Imagine my disappointment and confusion when I loaded Mark Ecko’s first foray into video games (and contender for silliest title of the year) - a game about graffiti - to find that you can’t actually design any!
From this unfortunate start point you embark on the story of Trane, a young graffiti artist willing to make his aerosol mark on the world and take on a distopian government.
Broken up into seperate areas that require graffiti to progress, you spend your time between clumsy fights, frustrating platforming and repetitious tagging - a typical palette of poor game design.
The graffiti mechanic - ‘press button, move stick and repeat’ is shockingly basic considering it’s the central part of the game and the ironically named ‘free-form challenges’ are so utterly devoid of challenge or freedom that they seem like a bad joke or filler content.
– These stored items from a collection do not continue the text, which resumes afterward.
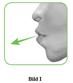 2.2 Håll huvudet upprätt, sätt munstycket mellan läpparna och slut läpparna tätt runt det (bild J).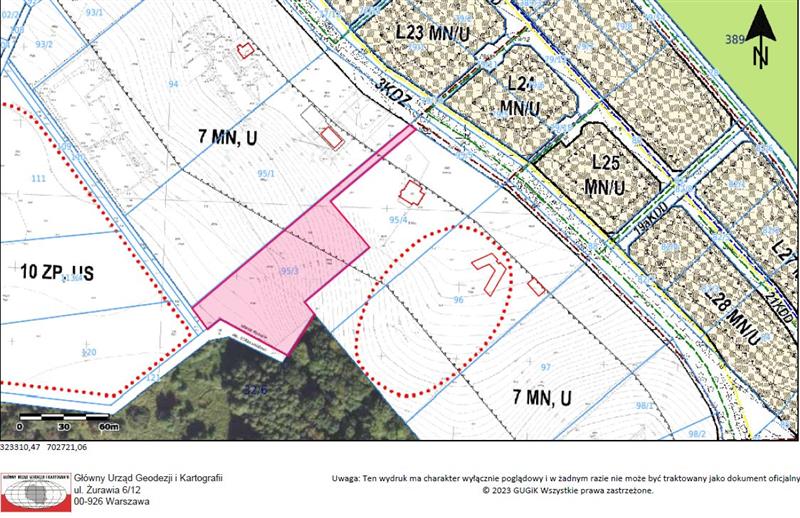 W MPZP działka leży w obszarze oznaczonym symbolem 7 MN,U - budownictwo mieszkaniowe jednorodzinne z dopuszczeniem usług.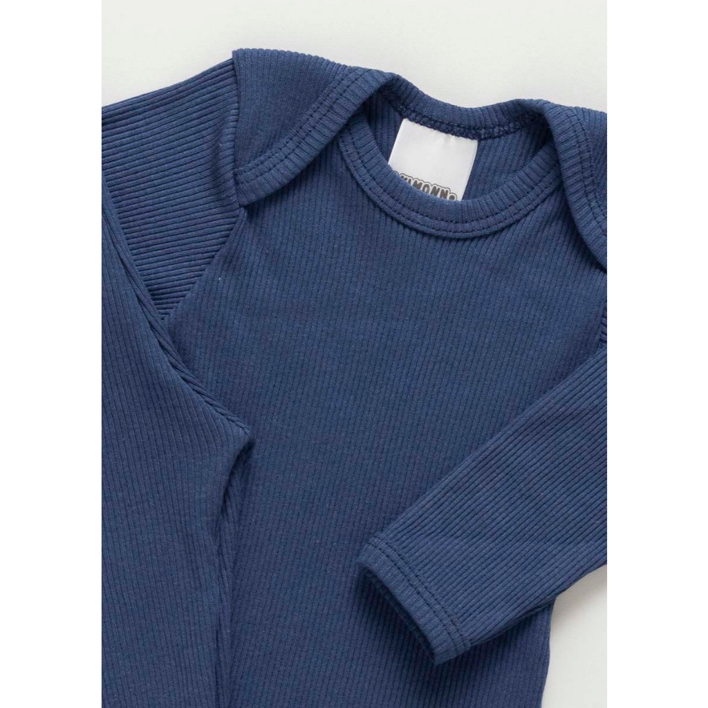 Conj Body e Calça Bebê Antialérgico Pagão Canelado Longo Azul Marinho 100% Algodão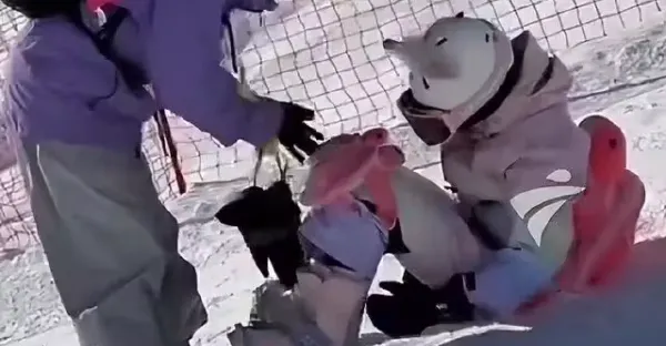 太可愛!全紅嬋新疆滑雪一幕曝光:背粉紅烏龜,曬花式摔跤萌翻了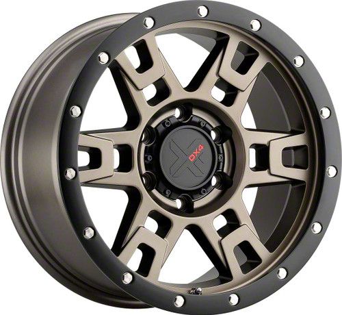 The 20x9 DX4 Wheels Terrain Matte Bronze with Black Ring Wheel is completed in a high quality bronze finish for an impressive appearance that will make others green with envy.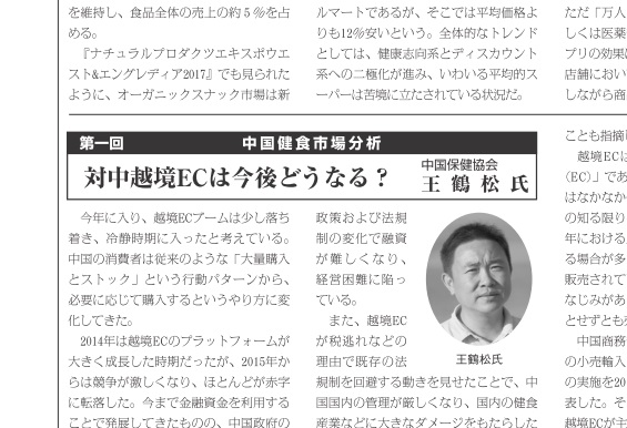 中国保健協会 王 鶴松 氏今年に入り、越境ECブームは少し落ち着き、冷静時期に入ったと考えている。中国の消費者は従来のような「大量購入とストック」という行動パターンから、必要に応じて購入するというやり方に変化してきた。 (さらに&h…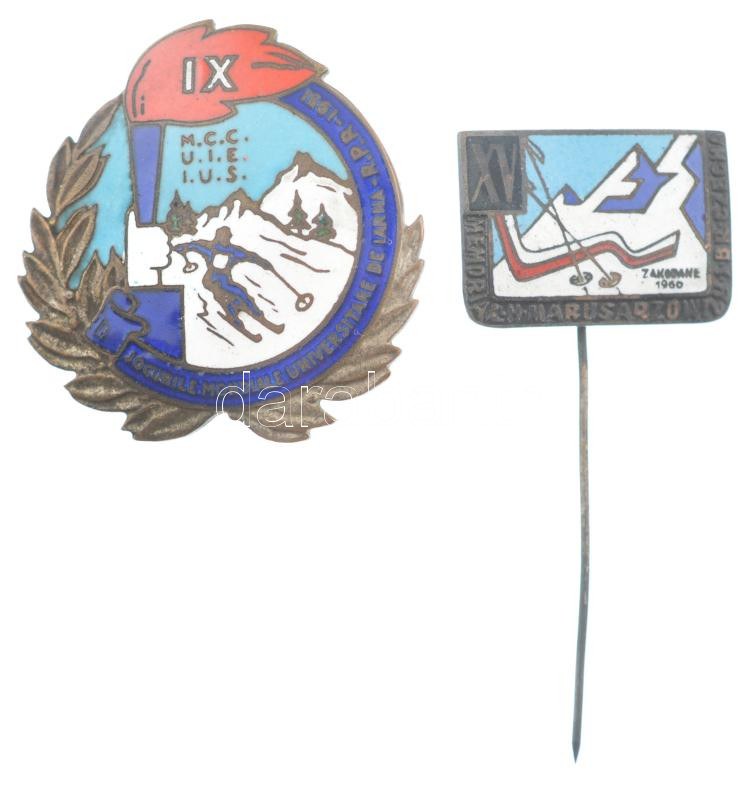 Lengyelország 1960. "XV. H. Marusarzówna Emlékverseny - Zakopane, 1960" zománcozott bronz sí jelvény + Románia 1951. "IX. Téli Egyetemi Világjátékok" zománcozott bronz sí jelvény T:2 kis zománchibák
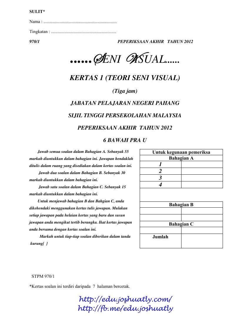 970 Sukatan Pelajaran Seni Visual Stpm Baharu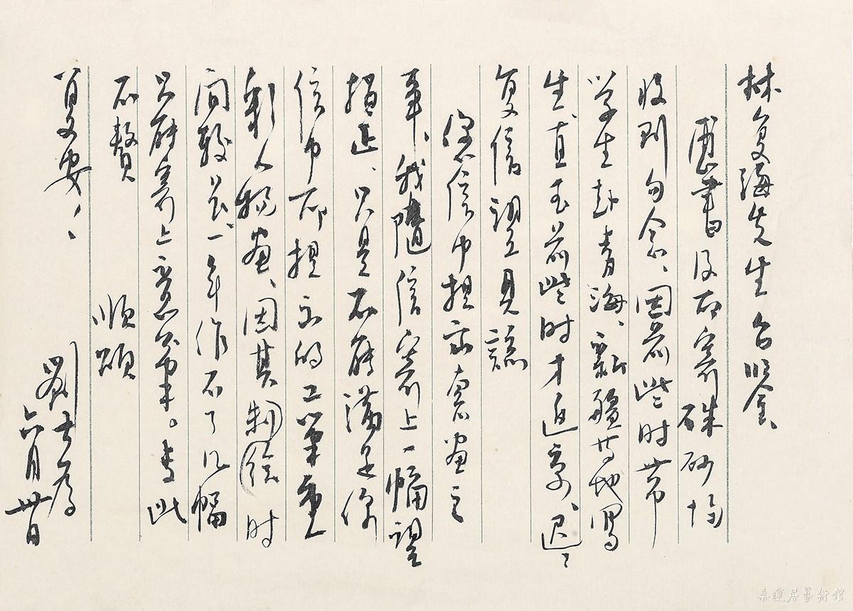 | 说明:附刘大为签名名信片四通 ●刘大为(b.1945-),祖籍山东诸城。1968年毕业于内蒙古师范大学美术系。1980年毕业于中央美术学院中国画系研究生班。现任解放军艺术学院美术系教授、主任,中国文联副主席、中国美术家协会主席、教科文组织下属国际造型艺术家协会主席、全国政协委员。 ●陈大羽(1912-2001),著名写意花鸟画家。原名汉卿,其师齐白石为之改为陈翱,取字大羽。广东潮阳人。1935年毕业于上海美术专业学校中国画系,曾在潮洲、青岛等地任教。1946年拜齐白石为师,致力于大写意花鸟画的创作,兼及山水、书法、篆刻。长期担任中国画教学工作。历任中国书法家协会常务理事,中国美术家协会会员,江苏省书法家协会、美术家协会副主席。出版有《陈大羽画集》、《陈大羽书画篆刻作品集》等。 ●郑乃珖(1911-2005),号璧寿翁,福州市人。生前为福州画院终身名誉院长,国家一级美术师、文化部中国画研究院院务委员、中国工笔画学会顾问、福建省政协五、六、七届常委、福建省文史研究馆副馆长、福州市文联名誉主席、西安美术学院教授。精花卉、翎毛、走兽、蔬果、时鲜、亦工山水、人物。在意境、取材、构图、造型、用线、敷彩以及题款、钤章诸方面均大大突破前人藩篱,对当代中国绘画继承、发展作出突出的贡献,是当代中国画坛重要代表人物之一,也是一名德高望重的艺术教育家。 |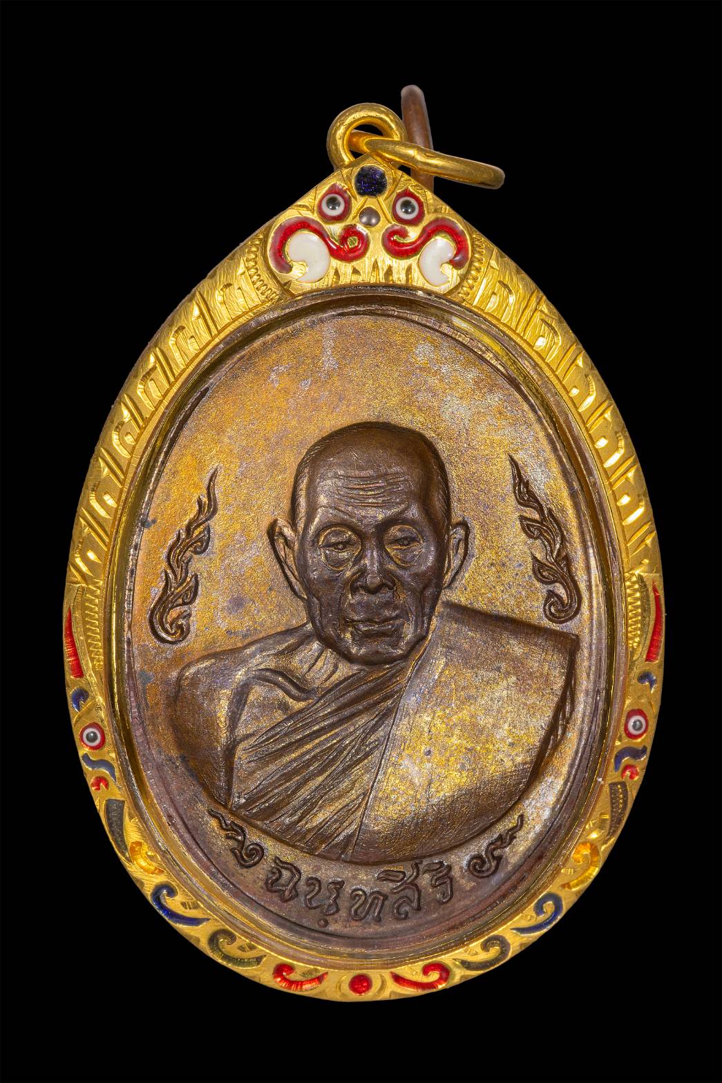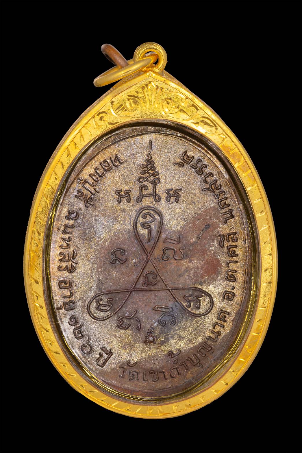 เหรียญกนกข้างหลวงปู่สีวัดเขาถ้ำบุญนาคเนื้อทองแดงเลี่ยมทองพร้อมใช้ตอกโค๊ตชัดเจน
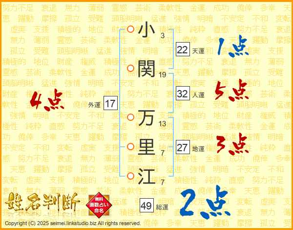 小関万里江さんの総運は49画の2点!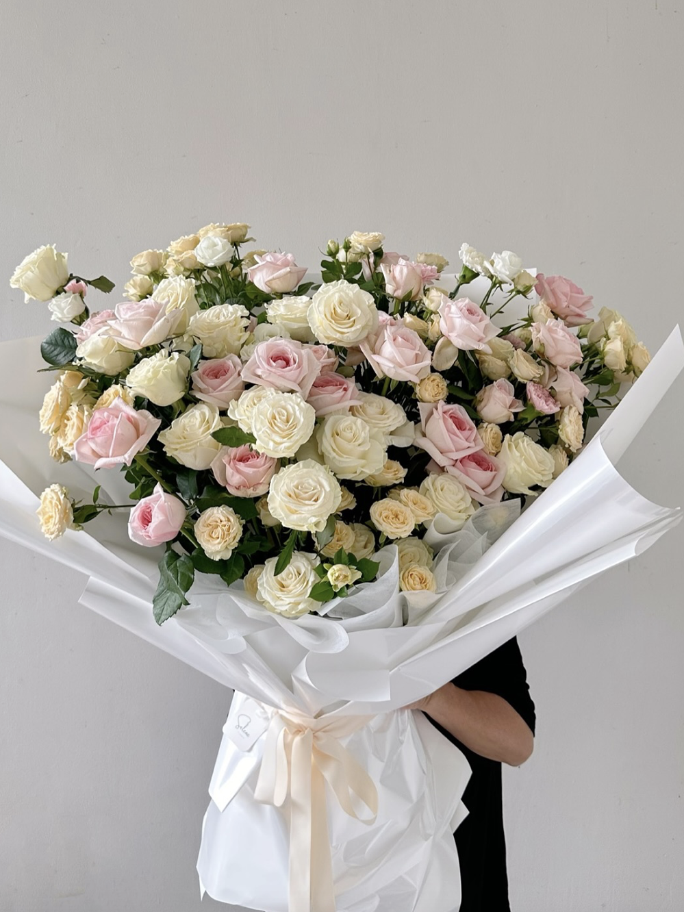 ช่อดอกกุหลาบหลากสี จัดเรียงอย่างประณีตในโทนละมุนสบายตา สื่อถึงความรัก ความอ่อนโยน และความห่วงใย เหมาะสำหรับเซอร์ไพรส์คนรักหรือใช้ในโอกาสพิเศษทุกประเภท

The story isn’t enough of a driving force to keep you going either and the repetitive and rewardless gameplay means every time you have to tag to progress you feel the desire to do so ebb away.
The game as a whole is held together by some great stylisation and music though and works as a piece of edutainment on real world graffiti artists - perhaps a sequel would be better suited as an interactive DVD than a game.
The ability to customize and create in games allows you to have a tangible connection with them and if they’d allowed you to create and use your own graffiti in Getting Up you might actually have an inclination to leave your mark on the landscape and achieve some satisfaction from the uninspiring gameplay.
You’ll have more fun painting your house.